Regulation of gene dosage on the mouse X chromosome

Differences in gene dosage can be as powerful as to drive species evolution (e.g., whole-genome duplications) and as harmful as to lead to human diseases (e.g., aneuploidies or haploinsufficiencies).

Regulating the effects of gene-dosage differences is thus extremely critical, and this is paradigmatically illustrated by what happens to the X chromosome in mammals.

In XX individuals, one of the X chromosomes is transcriptionally silenced as a result of a developmental and epigenetic process called X-chromosome inactivation (XCI), which is presumed to have evolved to compensate X-linked gene dosage between XX and XY individuals.
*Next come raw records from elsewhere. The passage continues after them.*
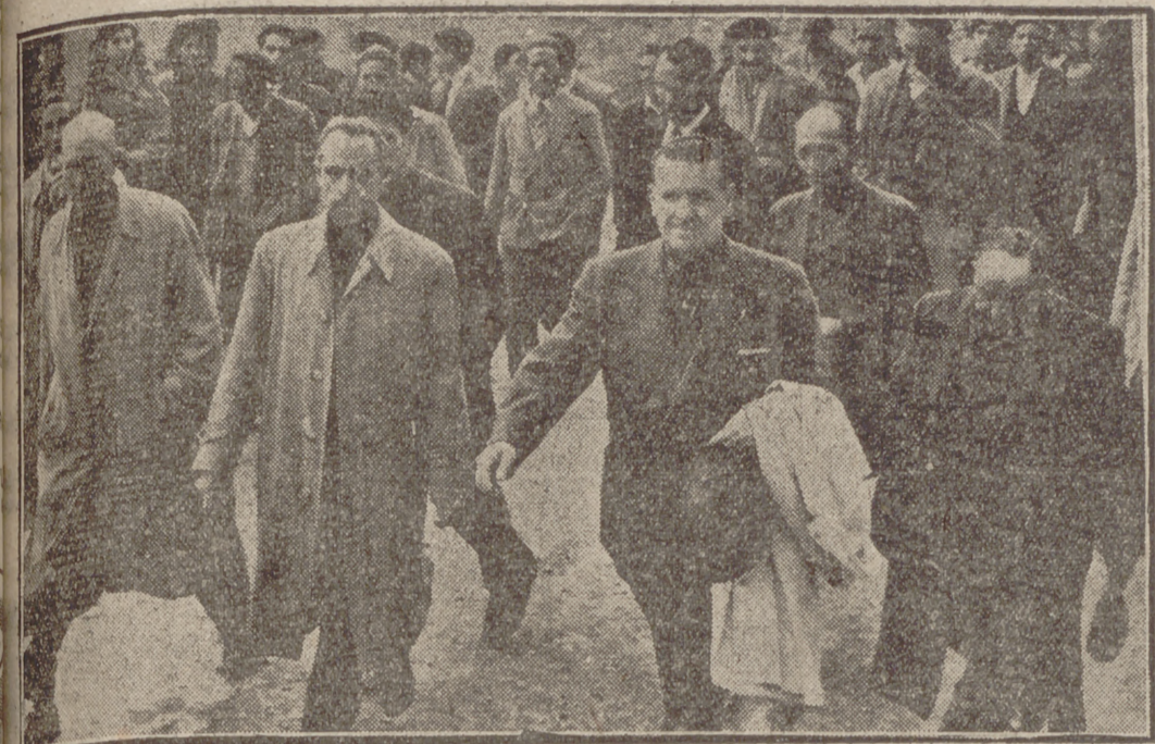
El jefe provincial y gobernador civil al llegar a Cabezón.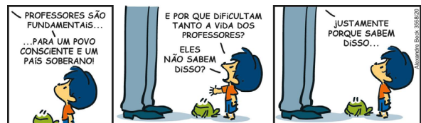
Figura 2 – Tirinha Armandinho – 15 de outubro de 2021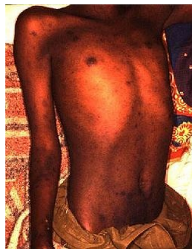
Typická tyfová vyrážka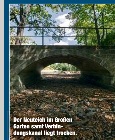
Der Neuteich im Großen Garten samt Verbindungskanal liegt trocken.

Egal ob Palaisteich, Carolasee oder Neuteich: Auch in den Gewässern im Großen Garten ist zurzeit teils erschreckend wenig Wasser. Zumindest am Palaisteich hängt das aber nicht mit der Trockenheit der letzten Monate zusammen. Stattdessen entschlammte dort der Freistaat den künstlich angelegten Teich. Der Schlamm entsteht hauptsächlich durch das Laub der umliegenden Bäume. Mit dem Ende der 320 000 Euro teuren Arbeiten wird langsam wieder Wasser aus dem Kaitzbach eingelassen. Doch das Bächlein führt momentan selbst kaum Wasser. Das hat Folgen: Damit zumindest im Carolasee der Wasserstand gehalten werden kann, „opfert“ das Schlösserland aktuell den dritten großen Teich, der eigentlich mit Kaitzbach-Wasser gefüllt werden sollte: den Neuteich. Die Kanäle dorthin liegen trocken, der Wasserstand im Teich sinkt. „Besucher entdeckten jetzt die großen Steine an der Uferbefestigung des Neuteichs, die sonst unter der Wasseroberfläche lagen, und werfen diese in den Teich“, sagt Schlösserland-Sprecher Uli Kretschmar (44). Das führt jedoch dazu, dass die Befestigung beschädigt wird und der Teich eher ausgebaggert werden muss. „Wir hoffen auf die Vernunft unserer Gäste.“ DiHe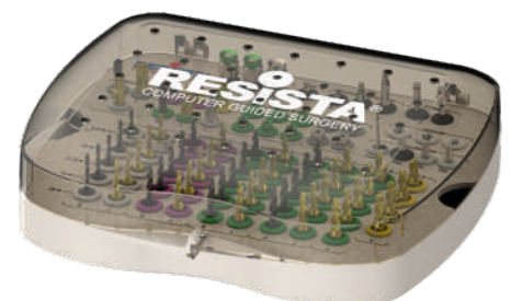
Vista Box Chiuso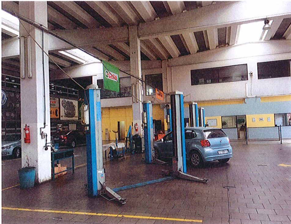
Reparti xhenerike elektroauto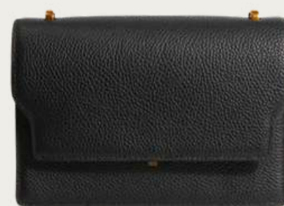
Verbena, 6 630 ₴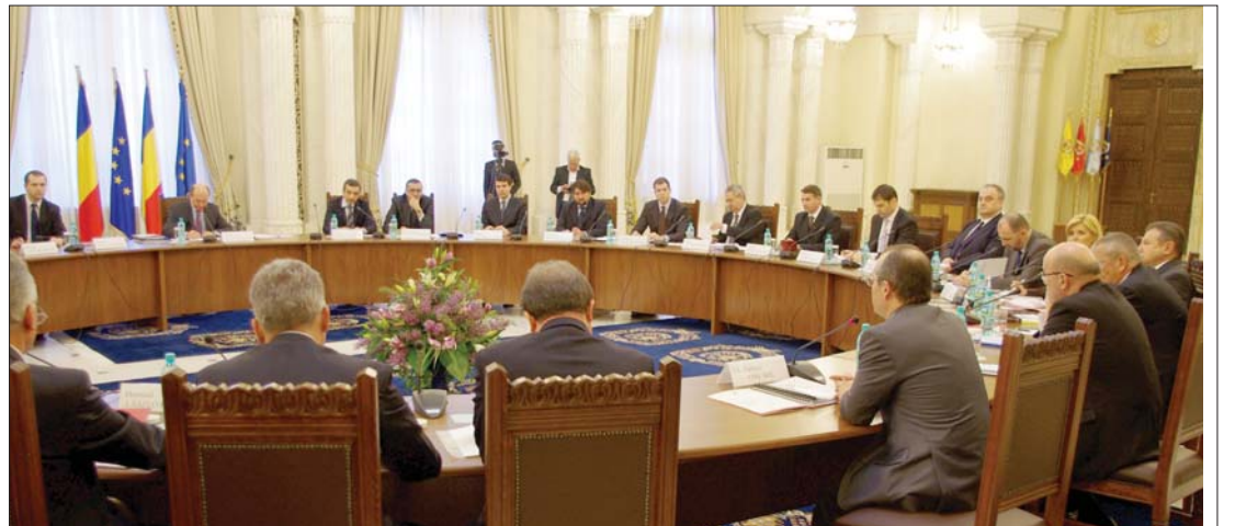
Bár sokan tartottak tőle, Traian Băsescu államfő nem verte az asztalt a tegnapi találkozón

kérést” – nyilatkozta lapunknak a Cotroceni-palotában tartott konzultáció után Kelemen Hunor művelődési miniszter. 3. oldal ▶

Since its discovery in 1961 by Mary Lyon, we have learnt much about XCI developmental dynamics and molecular underpinnings, however very little is understood about the developmental and molecular reasons at the basis of its evolution.
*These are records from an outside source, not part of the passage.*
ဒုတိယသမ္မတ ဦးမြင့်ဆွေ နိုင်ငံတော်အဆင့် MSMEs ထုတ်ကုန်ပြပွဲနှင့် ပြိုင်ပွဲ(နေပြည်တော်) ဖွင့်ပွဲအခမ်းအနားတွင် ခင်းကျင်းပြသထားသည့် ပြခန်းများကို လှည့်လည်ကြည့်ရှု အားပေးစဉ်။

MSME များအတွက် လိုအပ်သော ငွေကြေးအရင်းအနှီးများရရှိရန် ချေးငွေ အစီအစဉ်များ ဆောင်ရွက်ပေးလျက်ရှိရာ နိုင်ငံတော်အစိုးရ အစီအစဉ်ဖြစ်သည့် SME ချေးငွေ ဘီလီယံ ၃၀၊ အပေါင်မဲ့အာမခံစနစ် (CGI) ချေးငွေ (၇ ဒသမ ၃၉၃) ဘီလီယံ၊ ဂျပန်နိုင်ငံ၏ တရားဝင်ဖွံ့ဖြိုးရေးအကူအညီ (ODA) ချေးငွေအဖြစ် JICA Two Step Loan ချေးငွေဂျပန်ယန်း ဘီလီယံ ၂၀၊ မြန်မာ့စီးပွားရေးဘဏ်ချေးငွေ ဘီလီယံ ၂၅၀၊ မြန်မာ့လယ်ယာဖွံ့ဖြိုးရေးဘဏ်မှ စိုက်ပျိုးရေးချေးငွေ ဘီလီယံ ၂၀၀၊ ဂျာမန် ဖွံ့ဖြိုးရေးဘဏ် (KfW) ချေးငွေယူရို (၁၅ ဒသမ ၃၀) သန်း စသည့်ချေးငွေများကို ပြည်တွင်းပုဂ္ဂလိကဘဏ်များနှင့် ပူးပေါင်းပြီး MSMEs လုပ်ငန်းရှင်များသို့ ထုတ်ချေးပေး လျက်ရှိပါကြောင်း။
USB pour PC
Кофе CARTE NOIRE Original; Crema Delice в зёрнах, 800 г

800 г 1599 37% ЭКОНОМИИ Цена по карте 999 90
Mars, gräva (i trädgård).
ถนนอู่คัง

REGULADOSIX aims to gain a functional and mechanistic understanding of the need of X-linked dosage compensation in mammals we will (i) determine the developmental and molecular consequences in the absence of XCI in mouse embryogenesis, and (ii) functionally identify genes on the X chromosome that are dosage-sensitive, as well as their functions, which would have dictated the emergence of XCI in mammalian evolution.
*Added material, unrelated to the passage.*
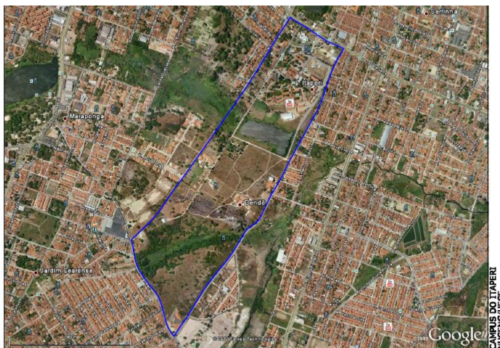
Figura 2 - Vista aérea do Campus do Itaperi, Fortaleza, Ceará.

A Universidade Estadual do Ceará localiza-se no Campus do Itaperi, mais precisamente na Av. Paranjana nº 1700 – Bairro Serrinha – Fortaleza - Ceará, abrangendo uma área total de 104 hectares (Figura 2).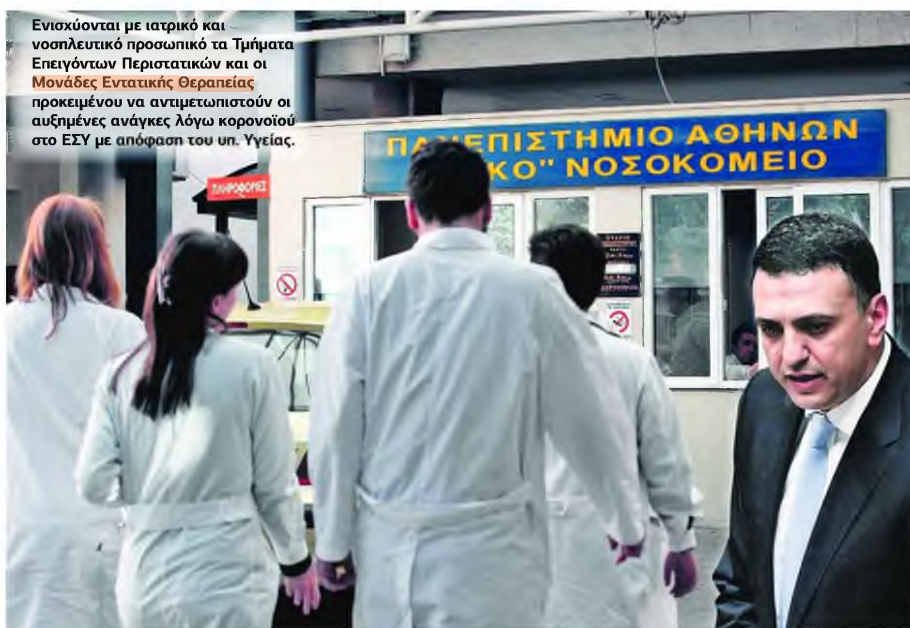
Ενισχύονται με ιατρικό και νοσηλευτικό προσωπικό τα Τμήματα Επείγοντων Περιστατικών και οι Μονάδες Εντατικής Θεραπείας προκειμένου να αντιμετωπιστούν οι αυξημένες ανάγκες λόγω κορονοϊού στο ΕΣΥ με απόφαση του υπ. Υγείας.

ΚΙΚΙΛΙΑΣ: ΕΝΙΣΧΥΣΗ ΤΟΥ ΥΠΟΥΡΓΕΙΟΥ ΥΓΕΙΑΣ ΜΕ 15 ΕΚΑΤ.

Building on my previous expertise, I propose a multidisciplinary approach at the intersection between development and genetic engineering, which includes cutting-edge genomic technologies (epigenetic screens, functional transcriptomics and proteomics) and novel approaches that we will develop to tune levels of expression in mouse embryonic stem cells and in mouse models.

Besides bringing new insights into the need for dosage compensation between the mammalian sexes, REGULADOSIX will contribute to a quantitative understanding of gene expression, and pave the way to establishing fundamental principles of gene dosage regulation in development and disease.